Currently contains an updated and much more robust example of using a
SparkContext's newAPIHadoopRDD
to read from and an RDD's saveAsNewAPIHadoopDataset
to write to Cassandra 2.1. Demonstrates usage of CQL collections:
lists,
sets and
maps.
Working on proper integration with the DataStax Cassandra Spark Connector.
You'll need Maven in order to build the uberjar required for the examples.
mvn clean package
Will create an uberjar at target/pyspark-cassandra-<version>-SNAPSHOT.jar
.
spark-submit --driver-class-path /path/to/pyspark-cassandra.jar myscript.py ...

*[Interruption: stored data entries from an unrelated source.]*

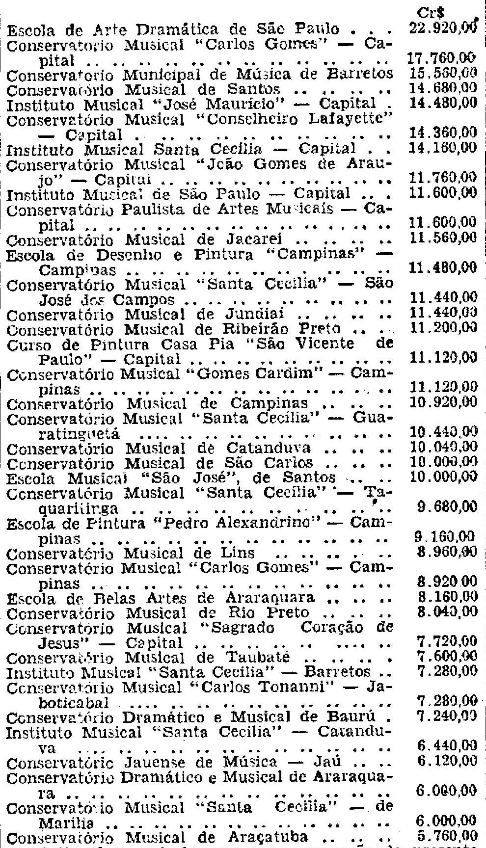 Dispõe sôbre concessão de subvenções a estabelecimentos de ensino artístico,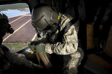 MAKE A MEME View Large Image New Jersey Army National Guard UH-60 Black Hawk helicopter crew chief from the 1-150 Assault Helicopter Battalion reloads cannisters with 7.62mm ammunition over Warren Grove Gunnery Range N.J., April 16, 2015. (U.S. Air National Guard photo ...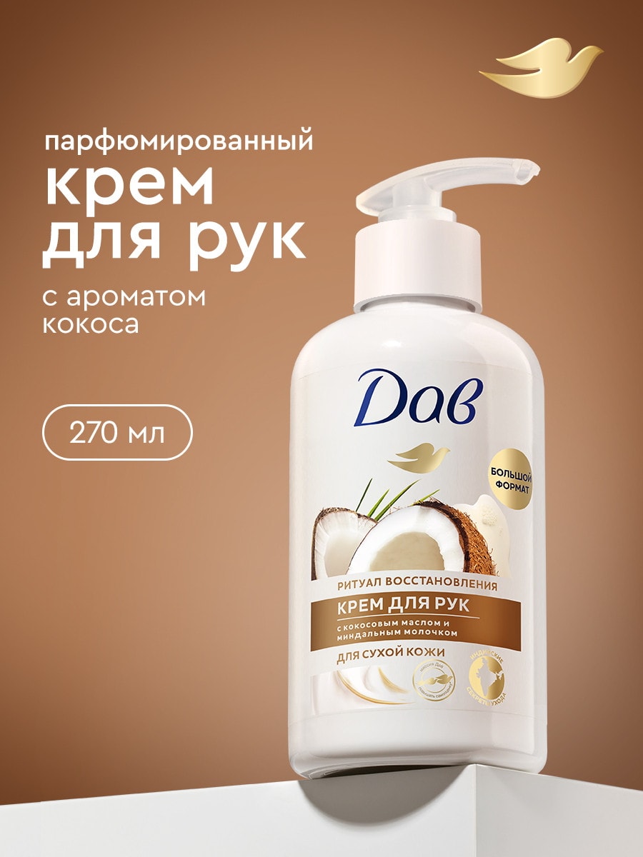 Увлажняющий крем для рук с кокосом и миндалем Дав Ритуал Восстановления — это то самое косметическое средство, которое необходимо для ежедневного ухода за сухой кожей рук. Этот универсальный продукт подходит для использования женщинам, девушкам и подросткам с 14 лет.Парфюмированный питательный крем для рук ухаживает за кутикулой и ногтями, даря им красоту и ухоженный вид. Его формула содержит в своем составе кокосовое масло, благодаря которому кожа получает восхитительное увлажнение и мягкость. Кроме того, оно прекрасно питает даже самую сухую и обезвоженную кожу, сохраняя ее упругость и эластичность. Миндальное молочко в составе крема для сухой кожи рук возвращает тонус коже, увлажняет ее и оставляет ощущение нежности и комфорта.
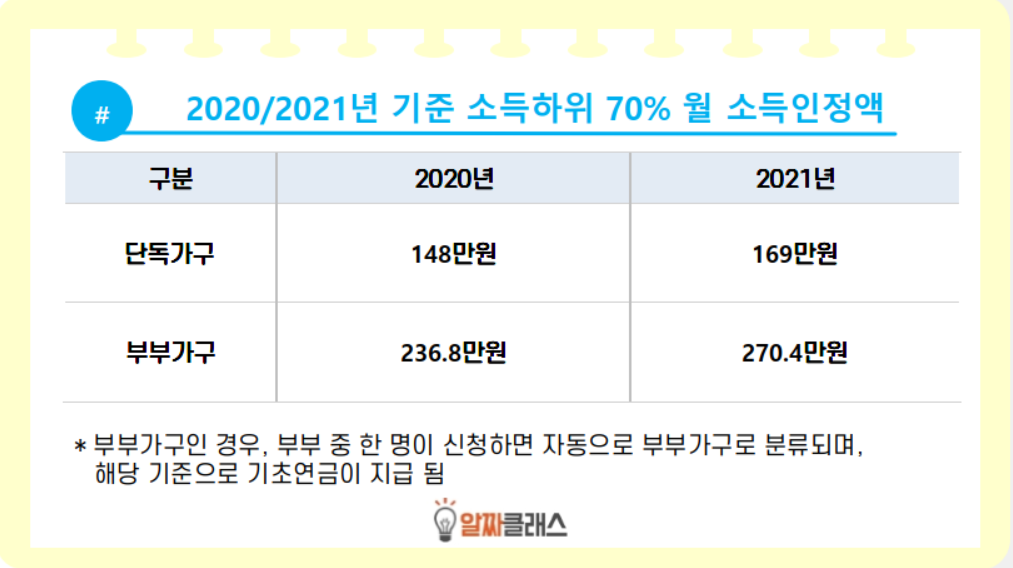 만 65세를 대상으로 하위소득 70%에 결성하는 분들에게 지급된다 하였습니다.

pip install -r requirements.txt
Then run examples either directly with spark-submit
, or use the
run_script.py
utility.
The example can first create the schema it requires via:
./run_script.py src/main/python/pyspark_cassandra_hadoop_example.py init test
The init command initializes the keyspace, table and inserts sample data.
"test"
is the name of the keyspace. A users table will be created in
this keyspace with two sample users to enable reading.
Afterwards, you can run:
./run_script.py src/main/python/pyspark_cassandra_hadoop_example.py run test
Which runs a sample PySpark driver program that reads the existing values in
the users
table and then writes two new users to this table.